森とキャベツ畑と山の上の雨の多い環境だから、いつも湿度はマックス。
標高が高くて気温が低いので、救われるけれど。

演奏している間中調弦をしているという具合で、去年は湿気で楽器の膠が剥がれ、楽器屋さんに修理してもらったほど。
それではどうしてそんなところで演奏するかと言うと・・・・

私はこの北軽井沢に初めてきたときに木々の美しさに心を奪われた。
旧友の人形作家のノンちゃんが森の中に住んでいて、よく泊めていただいた。
窓から見る森は、何時間見ていても飽きない。
刻々と空模様が変わる山の天気。
急に日がさすかと思えばさあーっと雨が降る。
その美しさったら!

吹き抜けの木の家でヴァイオリンを弾くと、良く響いて家ごと楽器のよう。
殊の外喜んでくれたのがノンちゃんで、この家を引き継いでほしい、そしてヴァイオリンを弾き続けてほしいと言われた。
1年半前ノンちゃんは私にこの家を残して亡くなった。

ミュージックホールフェスティヴァルはホールをなんとかして残し、コンサートを運営したいという地元のサポーターズがボランティアで主催している。
最初、北軽井沢に来たときには、キャンプ場の中にある100年ほど以前に建てられた洋館でコンサートを開いた。
その後、このフェスティヴァルに参加するようになった。

北軽井沢はフィンランドに似ていると言う人がいる。
それではここでフィンランドの大作曲家・シベリウスの曲を演奏したらどうかとプログラムに入れてみたら、これが雰囲気ぴったり。
それで今年はシベリウス特集を組むことにした。
フィンランドに留学していたチェロ奏者のTさんも参加してくださることになった。
ピアノ独奏曲、ピアノとヴァイオリン、ピアノとチェロ、ヴァイオリンとヴィオラなど数曲の楽譜を注文して届いた日に中止の知らせが届いた。
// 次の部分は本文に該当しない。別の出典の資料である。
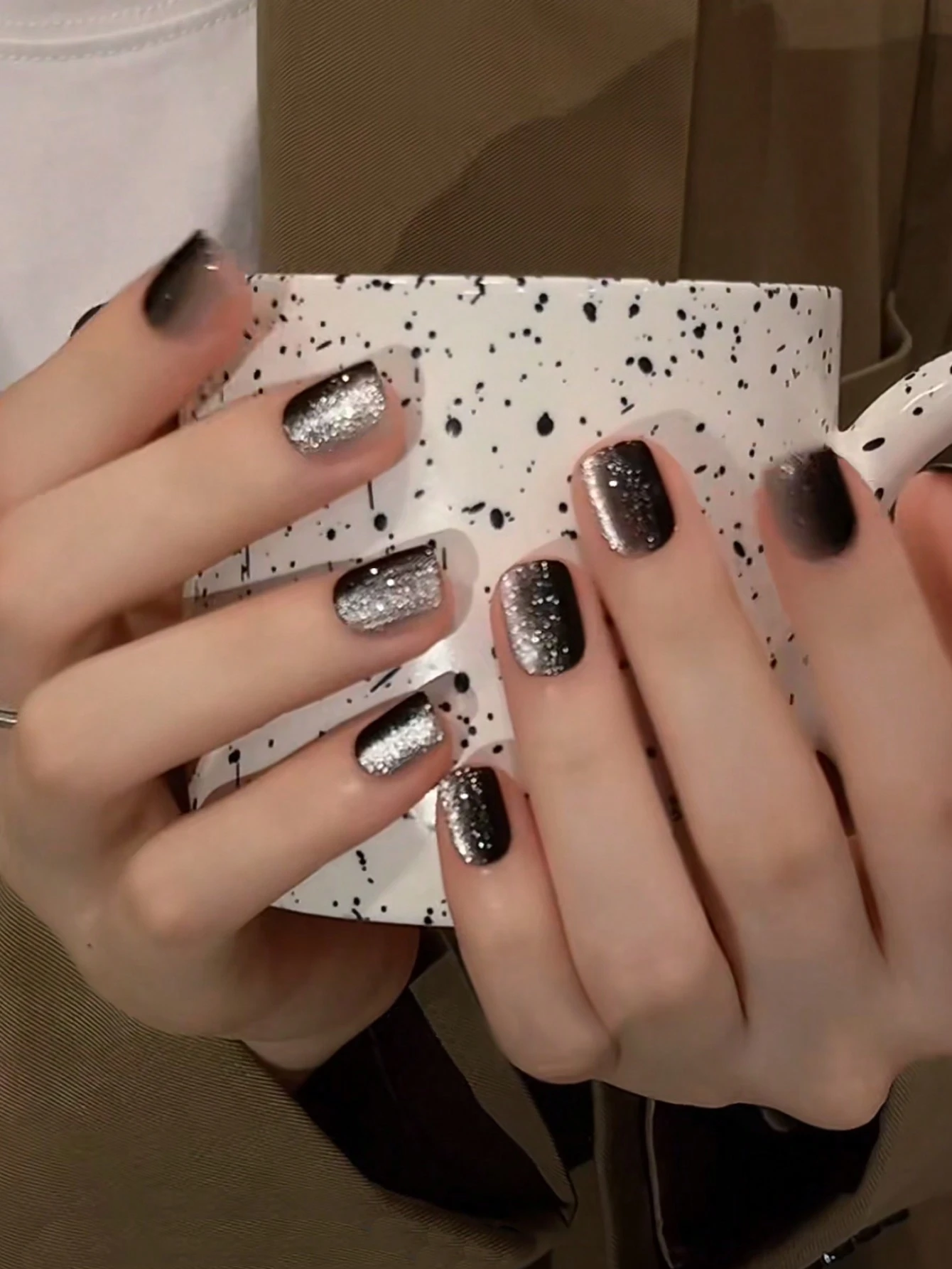 Goth Kurze Quadratische Gradienten Glitzer Full-cover Künstliche Nägel Für Töchter Und Mädchen

今年はコロナウイルスのお陰ですべてのコンサートが中止になった。
秋の古典音楽協会の定期演奏会は果たして実現できるのかしら。
リタイア目前の私達にとって、一つ一つが大切なのに。
来年まで演奏していられるかわからないのだから。

そのかわり、今は練習の時間はたっぷりあるから、来年まで弾いていられるかもしれない。
ベートーヴェン、ブラームスの作品、シューベルトも見直しているから、次回に演奏の機会があれば、より深く理解したものを届けられると思う。
今まで弾いていなかったモーツァルトのソナタも、順次弾いている。
いつも有名な作品ばかり弾いていたけれど、あまり演奏されない曲も素晴らしい。
モーツァルトの場合、1曲ずつ激しく違う。
大抵の作曲家は一つの流れがあるのに、モーツァルトは殆ど他の人が作ったかと思えるくらい、その時々の彼の心境が反映されていて、そのどれもが魅力に溢れている。
本当の天才なのだ。
リヒャルト・シュトラウスのソナタも生煮えだったから、もう一度練習し直すことにした。
まだ弾いたことのない曲もこれから譜読みしよう。
思えば今が一番幸せかもしれない。
いままで追われるように演奏のスケジュールをこなしていたのが、やっと曲にまともに向かい合えるのだから。
ただ、残りの時間は少ない。

コロナウイルスのせいで命を落とす人がいる。
私には影響がどう出るか、来年ここに笑いながら来られるかどうか。
厳しい試練の日々を乗り越えられるのだろうか。
昨日の夢に母がでてきた。
ああ、まだ見守ってくれているのだと思った。
この母ならコロナなんか食べてしまう。
子供のためならどんな事でもする人だから。